计算所有框与第一个框的IoU，如果IoU小于阈值，则保留框，反之删除。
对上一步得到的框重复以上操作，直到待检测的框数量为0.

'''
self.nms = tf.image.non_max_suppression(self.boxes, self.scores,
                                                self._top_k,
                                                iou_threshold=self._nms_thresh)
'''

(4) P_cls种类，置信度, P_regr

抠图。遍历建议框，在特征图上截取框对应的位置，然后把截取的图统一到[1,32,14,14,1024]

'''
 [P_cls, P_regr] = self.model_classifier.predict([base_layer,ROIs]) 
'''
def get_classifier(base_layers, input_rois, num_rois, nb_classes=21, trainable=False):
    ''' roi --> cls+reg'''
    pooling_regions = 14
    input_shape = (num_rois, 14, 14, 1024)
    # base_layers[38,38,1024], input_rois[num_prior,4]  num_prior=32，out_roi_pool.shape[1,32,14,14,1024]
    # 1 roiPooling，base_layers[38,38,1024], input_rois[-1,4] ,pooling_regions=14, num_rois=32
    out_roi_pool = RoiPoolingConv(pooling_regions, num_rois)([base_layers, input_rois]) # input_rois是建议框
    # 2
    out = classifier_layers(out_roi_pool, input_shape=input_shape, trainable=True)
    out = TimeDistributed(Flatten())(out)
    out_class = TimeDistributed(Dense(nb_classes, activation='softmax', kernel_initializer='zero'), name='dense_class_{}'.format(nb_classes))(out)
    out_regr = TimeDistributed(Dense(4 * (nb_classes-1), activation='linear', kernel_initializer='zero'), name='dense_regress_{}'.format(nb_classes))(out)
    return [out_class, out_regr]  # 21, 20*4

(4.1) 抠图

'''
 out_roi_pool = RoiPoolingConv(pooling_regions, num_rois)([base_layers, input_rois])
'''
   def call(self, x, mask=None):

        assert(len(x) == 2)

        img = x[0]   # featureMap
        rois = x[1]  # 建议框

        outputs = []
        # 遍历建议框
        for roi_idx in range(self.num_rois):
            # x,y左上角，wh宽高
            x = rois[0, roi_idx, 0]
            y = rois[0, roi_idx, 1]
            w = rois[0, roi_idx, 2]
            h = rois[0, roi_idx, 3]

            x = K.cast(x, 'int32')
            y = K.cast(y, 'int32')
            w = K.cast(w, 'int32')
            h = K.cast(h, 'int32')
            # 在特征图上截取
            rs = tf.image.resize_images(img[:, y:y+h, x:x+w, :], (self.pool_size, self.pool_size))
            outputs.append(rs)

        final_output = K.concatenate(outputs, axis=0)
        final_output = K.reshape(final_output, (1, self.num_rois, self.pool_size, self.pool_size, self.nb_channels))
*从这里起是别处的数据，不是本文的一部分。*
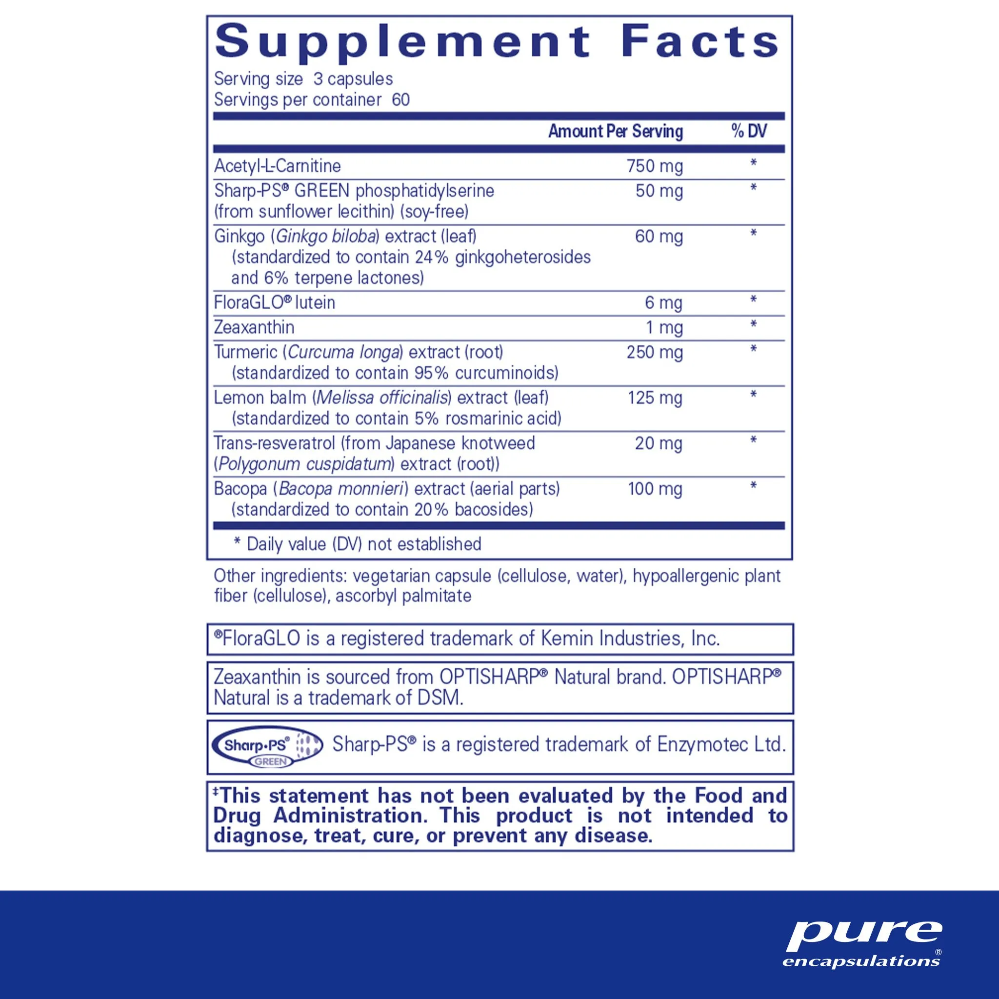 acetyl-l-carnitine, Sharp-PS® GREEN phosphatidylserine (from sunflower lecithin) (soy-free), Ginkgo biloba extract (leaf), FloraGLO® lutein, zeaxanthin, turmeric (Curcuma longa) extract (root), lemon balm (Melissa officinalis) extract (leaf), trans-resveratrol (from Japanese knotweed (Polygonum cuspidatum) extract (root)), bacopa (Bacopa monnieri) extract (aerial parts), vegetarian capsule (cellulose, water), hypoallergenic plant fiber (cellulose), ascorbyl palmitate
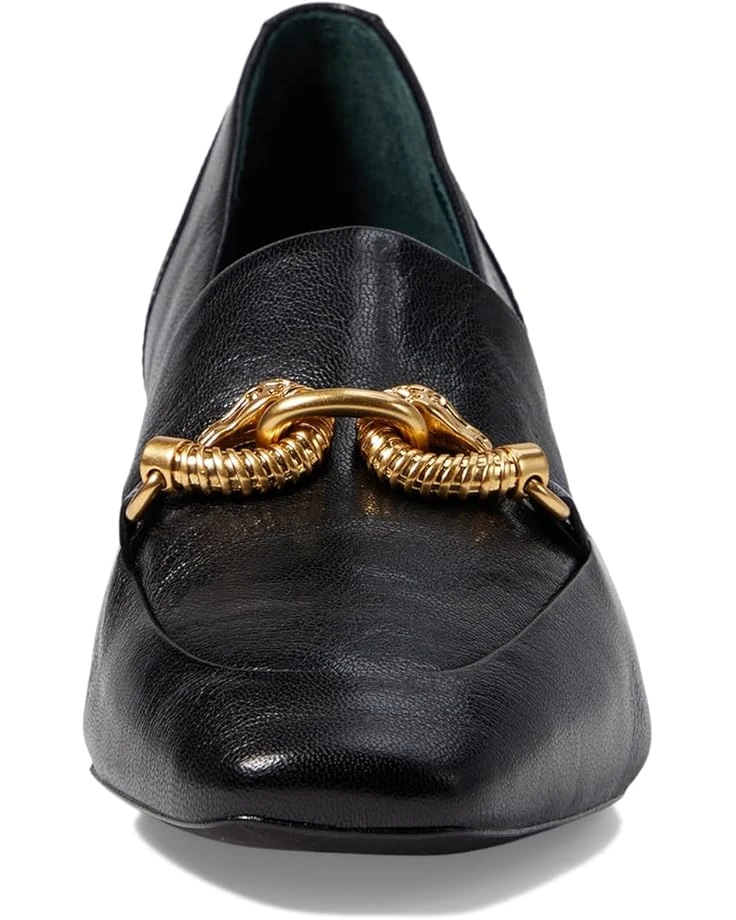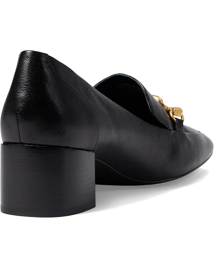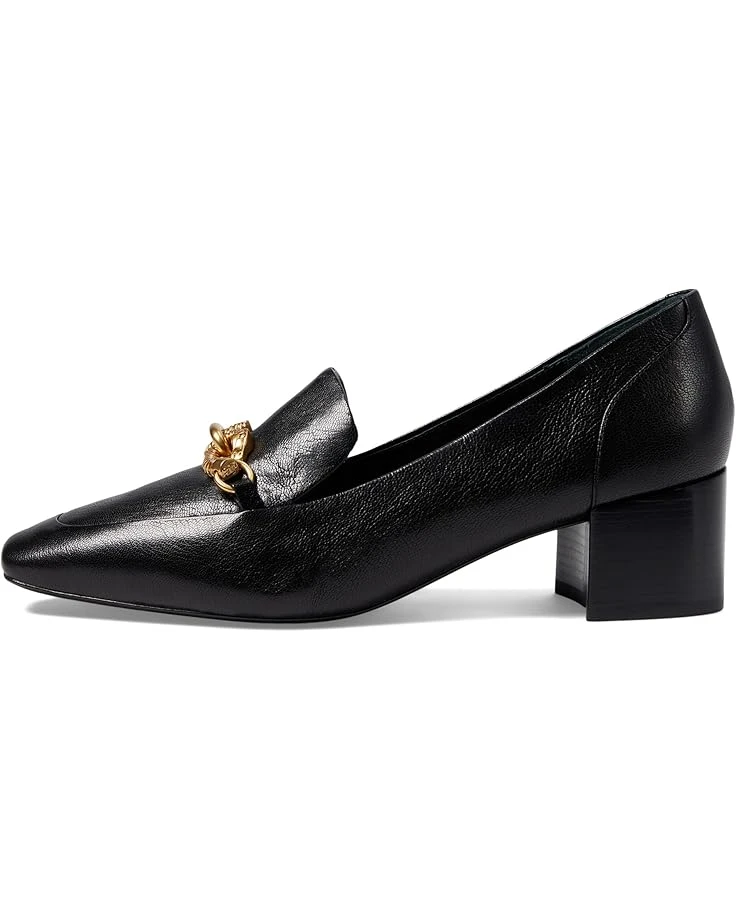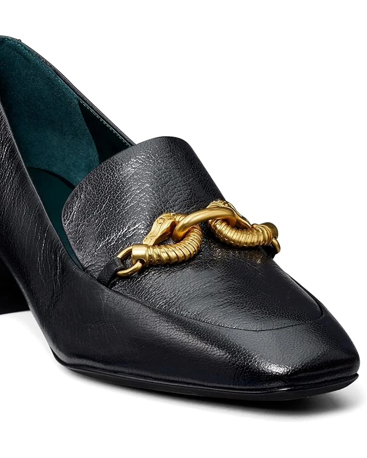 - Enriched by a gleaming metallic horsehead ornament and uplifted by an on-trend block heel, the Tory Burch® 45 mm Jessa Heeled Loafers are something you would love to pair with almost any outfit. The upper and lining of these shoes are made with premium quality leather for a lasting comfort. They are designed in a slip-on style for ease of wear.

        final_output = K.permute_dimensions(final_output, (0, 1, 2, 3, 4))

        return final_output  # [1,32,14,14,1024]

(4.3) 对抠图卷积提取特征

'''
out = classifier_layers(out_roi_pool, input_shape=input_shape, trainable=True)

[1,32,14,14,1024] --> (None, 32, 1, 1, 204)
'''
def classifier_layers(x, input_shape=(32, 14, 14, 1024), trainable=False):
    x = conv_block_td(x, 3, [512, 512, 2048], stage=5, block='a', input_shape=input_shape, strides=(2, 2), trainable=trainable)
    x = identity_block_td(x, 3, [512, 512, 2048], stage=5, block='b', trainable=trainable)
    x = identity_block_td(x, 3, [512, 512, 2048], stage=5, block='c', trainable=trainable)
    x = TimeDistributed(AveragePooling2D((7, 7)), name='avg_pool')(x)  # 对第二维度处理

    return x   # (None, 32, 1, 1, 204)

(4.4) 分类、回归

'''
 (None, 32, 1, 1, 204) --> (None, 1, 6528)  --> (None, 1, 21) + (None, 1, 80) 
'''
out = TimeDistributed(Flatten())(out)  # (None, 1, 6528)
out_class = TimeDistributed(Dense(nb_classes, activation='softmax', kernel_initializer='zero'), name='dense_class_{}'.format(nb_classes))(out)   # (None, 1, 21) 
out_regr = TimeDistributed(Dense(4 * (nb_classes-1), activation='linear', kernel_initializer='zero'), name='dense_regress_{}'.format(nb_classes))(out)  #(None, 1, 80)

3 训练

3.1 训练流程

加载模型
生成数据集
设置参数
训练模型

3.2 生成标签

数据增强。
获取先验框。
真实框与先验框配对，生成标签。
确定正负样本。

'''
gen = Generator(bbox_util, lines, NUM_CLASSES, solid=True)
rpn_train = gen.generate()
'''
    def generate(self):
        while True:
            shuffle(self.train_lines)
            lines = self.train_lines
            for annotation_line in lines:  
                # 数据增强
                img,y=self.get_random_data(annotation_line)
                height, width, _ = np.shape(img)
                
                if len(y)==0:
                    continue
                boxes = np.array(y[:,:4],dtype=np.float32)
                boxes[:,0] = boxes[:,0]/width
                boxes[:,1] = boxes[:,1]/height
                boxes[:,2] = boxes[:,2]/width
                boxes[:,3] = boxes[:,3]/height
                
                box_heights = boxes[:,3] - boxes[:,1]
                box_widths = boxes[:,2] - boxes[:,0]
                if (box_heights<=0).any() or (box_widths<=0).any():
                    continue

                y[:,:4] = boxes[:,:4]
                
                # 获取先验框
                anchors = get_anchors(get_img_output_length(width,height),width,height)
                
                # 计算真实框对应的先验框，与这个先验框应当有的预测结果
                assignment = self.bbox_util.assign_boxes(y,anchors)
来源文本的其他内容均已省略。